* **ACTION ITEM**: Set down each line of the material that follows, exactly, with no pictures.

*** Opening of MATERIAL SUPPLIED ***

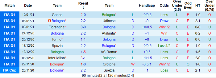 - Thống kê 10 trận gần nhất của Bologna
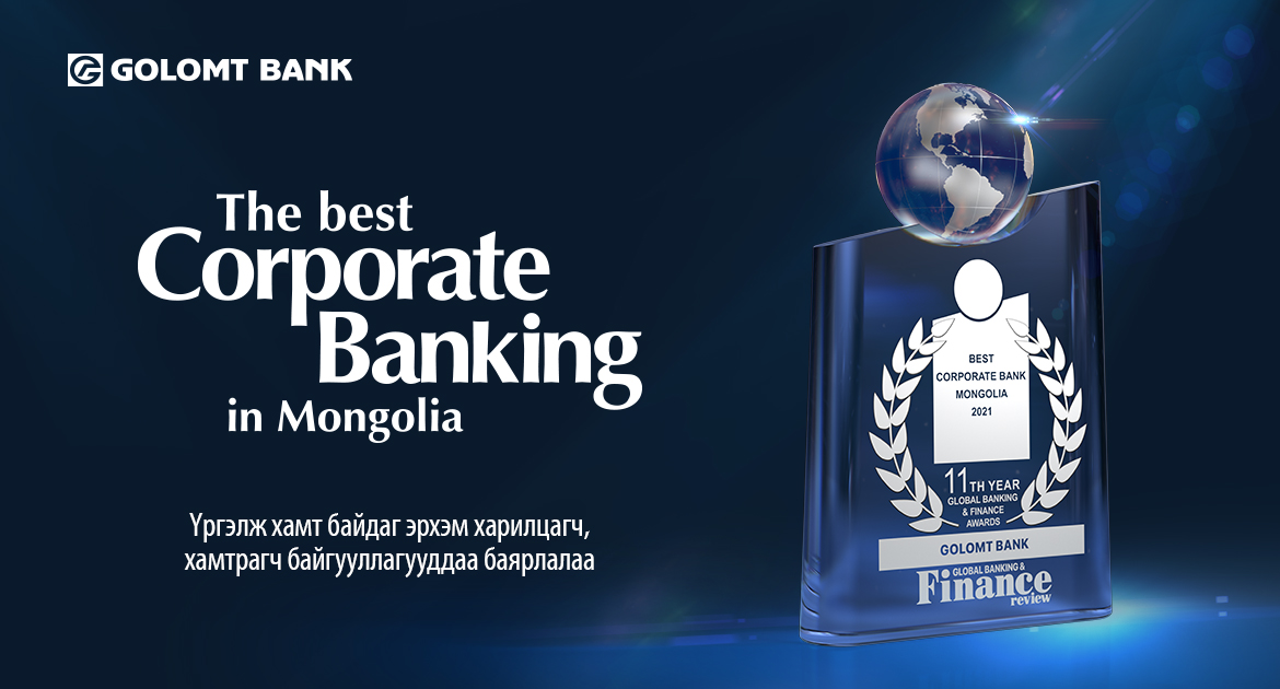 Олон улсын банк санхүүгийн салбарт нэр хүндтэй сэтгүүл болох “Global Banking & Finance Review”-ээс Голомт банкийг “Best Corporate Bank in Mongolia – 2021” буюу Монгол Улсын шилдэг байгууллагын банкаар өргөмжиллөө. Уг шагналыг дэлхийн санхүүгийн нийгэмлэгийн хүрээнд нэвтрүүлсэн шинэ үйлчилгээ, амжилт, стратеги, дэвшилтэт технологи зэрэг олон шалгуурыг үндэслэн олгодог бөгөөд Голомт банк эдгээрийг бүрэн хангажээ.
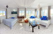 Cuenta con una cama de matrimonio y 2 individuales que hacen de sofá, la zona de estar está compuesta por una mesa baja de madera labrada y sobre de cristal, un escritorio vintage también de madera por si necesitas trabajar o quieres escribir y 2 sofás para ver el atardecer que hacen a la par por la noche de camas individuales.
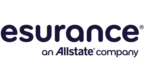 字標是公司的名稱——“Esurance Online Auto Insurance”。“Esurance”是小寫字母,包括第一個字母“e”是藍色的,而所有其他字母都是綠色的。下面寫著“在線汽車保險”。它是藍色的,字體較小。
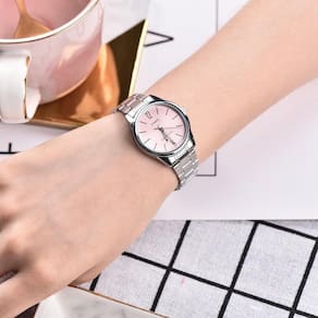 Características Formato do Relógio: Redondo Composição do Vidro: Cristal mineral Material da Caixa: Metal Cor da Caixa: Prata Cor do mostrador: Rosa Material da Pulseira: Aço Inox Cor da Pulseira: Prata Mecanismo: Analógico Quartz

*** Close of MATERIAL SUPPLIED ***

* **OUTPUT BELOW**:
 - Thống kê 10 trận gần nhất của Bologna
 Олон улсын банк санхүүгийн салбарт нэр хүндтэй сэтгүүл болох “Global Banking & Finance Review”-ээс Голомт банкийг “Best Corporate Bank in Mongolia – 2021” буюу Монгол Улсын шилдэг байгууллагын банкаар өргөмжиллөө. Уг шагналыг дэлхийн санхүүгийн нийгэмлэгийн хүрээнд нэвтрүүлсэн шинэ үйлчилгээ, амжилт, стратеги, дэвшилтэт технологи зэрэг олон шалгуурыг үндэслэн олгодог бөгөөд Голомт банк эдгээрийг бүрэн хангажээ.
 Cuenta con una cama de matrimonio y 2 individuales que hacen de sofá, la zona de estar está compuesta por una mesa baja de madera labrada y sobre de cristal, un escritorio vintage también de madera por si necesitas trabajar o quieres escribir y 2 sofás para ver el atardecer que hacen a la par por la noche de camas individuales.
 字標是公司的名稱——“Esurance Online Auto Insurance”。“Esurance”是小寫字母,包括第一個字母“e”是藍色的,而所有其他字母都是綠色的。下面寫著“在線汽車保險”。它是藍色的,字體較小。
 Características Formato do Relógio: Redondo Composição do Vidro: Cristal mineral Material da Caixa: Metal Cor da Caixa: Prata Cor do mostrador: Rosa Material da Pulseira: Aço Inox Cor da Pulseira: Prata Mecanismo: Analógico Quartz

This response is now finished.